Не отказываясь от просветительских традиций 60-х годов, Николай Степанович начинает чувствовать некоторые существенные «недочеты» своего миросозерцания, сложившегося, безусловно, в духе естественно-научного просветительства. В условиях острой и напряженной идейной борьбы, развернувшейся в 80-х годах, когда исповедание только одних естественно-научных догматов было совершенно недостаточным, чтобы успешно бороться с наседающей идейной реакцией, когда упорное отсиживание в «бастионах» чистой науки превращалось в общественный индифферентизм, совершенно естественно, что мировоззрение, выросшее на просветительстве писаревского толка, должно было потерпеть крушение.
Что мы имеем в виду, говоря об «изъянах» в просветительстве Николая Степановича? Прежде всего слепое поклонение профессора своей науке, при котором «судьбы костного мозга» его интересуют больше, чем «конечная цель мироздания», а затем, как следствие, полное равнодушие к вопросам политики. Уже на закате своей жизни он с грустью признается: «...с моим именем тесно связано понятие о человеке знаменитом, богато одаренном и несомненно полезном. Я трудолюбив и вынослив, как верблюд, а это важно, и талантлив, а это еще важнее. К тому же, к слову сказать, я воспитанный, скромный и честный малый. Никогда я не совал своего носа в литературу и в политику, не искал популярности в полемике с невеждами, не читал речей ни на обедах, ни на могилах своих товарищей... Вообще на моем ученом имени нет ни одного пятна и пожаловаться ему не на что. Оно счастливо» (7, 225).
Трудно не уловить в этом признании иронической ноты. Больше того, профессор, в котором уже проснулся дух протеста, признание это делает в самоиздевательском тоне. С этой целью А.П. Чехов подбирает такие выражения, как «верблюд», «честный малый», «к слову сказать», «не совал носа»; с этой целью он заставляет профессора, характеризующего свое имя, обратиться к самодовольно-пошленьким словам: «оно счастливо».

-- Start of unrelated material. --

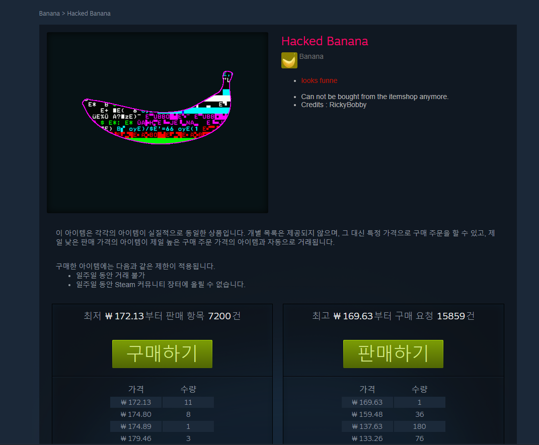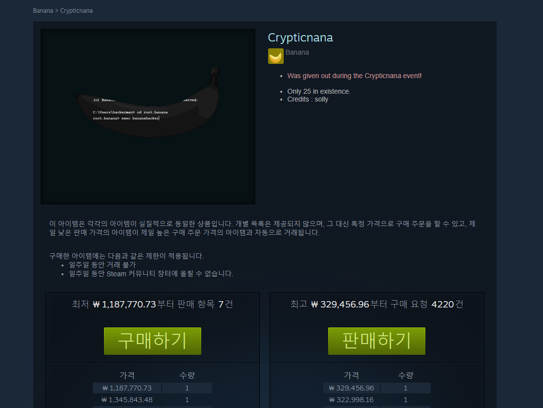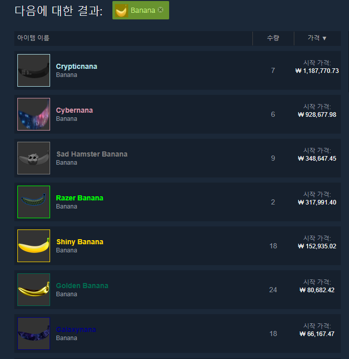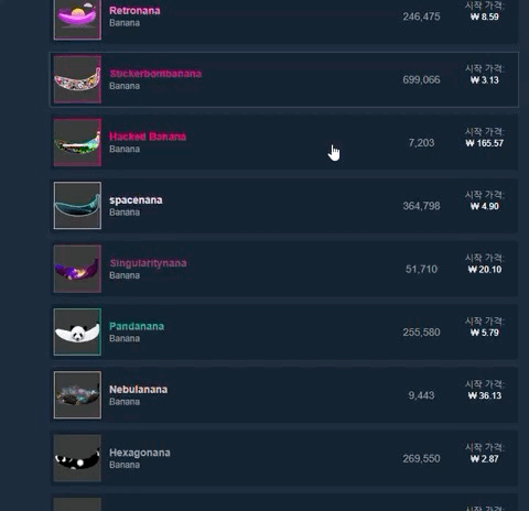 스팀 장터를 둘러보시면 정말 여러 종류의 바나나들이 판매되고 있는 것을 보실 수 있습니다.

Не заметив отмеченного тона, нельзя понять в образе Николая Степановича ведущего «настроения», тех противоречий, из которых он и сам не всегда удачно выпутывается, постоянно «виляя перед самим собой»11.
Профессор пришел к убеждению, что безнаказанно не «совать носа» в политику нельзя, но он боится прямо признаться в этом самому себе и другим.
Аполитичное отношение Николая Степановича к нравственно-философским и общественным вопросам сделало его человеком глухим и равнодушным к живым запросам даже близких ему людей. Он просмотрел воспитание дочери, он сухо, без сердечного участия отнесся к драме, которую пережила Катя. «Я холоден, как мороженое», — признается он. При таком отношении дети Николая Степановича выросли эгоистами и совершенно неподготовленными к сопротивлению антиморальным влияниям. В результате профессор вынужден жаловаться: «С тех пор, как я страдаю бессонницей, в моем мозгу сидит вопрос: дочь моя часто видит, как я, старик, знаменитый человек, мучительно краснею от того, что должен лакею. Она видит..., но отчего же она ни разу тайком от матери не пришла ко мне и не шепнула: «Отец, вот мои часы, браслеты, сережки, платья... Заложи все это, тебе нужны деньги...»? Отчего она, видя, как я и мать, поддавшись ложному чувству, стараемся скрыть от людей свою бедность, отчего она не откажется от дорогого удовольствия заниматься музыкой? Я бы не принял ни часов, ни браслетов, ни жертв, храни меня бог, — мне не это нужно» (7, 229).
Профессор понимает свою страшную ошибку. Он понимает и главную причину ее — она состояла в искусственном ограничении интересов личности узкими рамками университетской аудитории, специальной науки.
Н.В. Шелгунов, характеризуя «недостатки» мышления, обусловленного узостью интересов интеллигенции, отказавшейся от участия в борьбе за решение широких общественных задач, писал в 1888 году о том, что русская жизнь создает пока людей с половинчатыми понятиями. Но разве же это может быть иначе, — опрашивал он, — если мы живем в условиях исключительно личного мышления и личных и единоличных отношений?12.
«Виляя перед самим собой» и называя возникшую потребность протестовать «брюзжанием», профессор тем не менее признается Кате в радикальных изменениях, происшедших в его миросозерцании. Основы, на которых он возводил здание своей жизни, определив ее как «красивую композицию», теперь рушились.
«Я никогда не судил, — говорит он Кате, — был снисходителен, охотно прощал всех направо и налево. Где другие протестовали и возмущались, там я только советовал и убеждал... Но теперь... во мне происходит нечто такое, что прилично только рабам: в голове моей день и ночь бродят злые мысли, а в душе свили себе гнездо чувства, каких я не знал раньше. Я и ненавижу, и презираю, и негодую, и возмущаюсь, и боюсь. Я стал не в меру строг, требователен, раздражителен, нелюбезен, подозрителен. Даже то, что прежде давало повод мне только сказать лишний каламбур и добродушно посмеяться, родит во мне теперь тяжелое чувство. Изменилась во мне и моя логика: прежде я презирал только деньги, теперь же питаю злое чувство не к деньгам, а к богачам; прежде ненавидел насилие и произвол, а теперь ненавижу людей, употребляющих насилие, точно виноваты они одни, а не все мы, которые не умеем воспитывать друг друга» (7, 254. Курсив мой — М.Г.).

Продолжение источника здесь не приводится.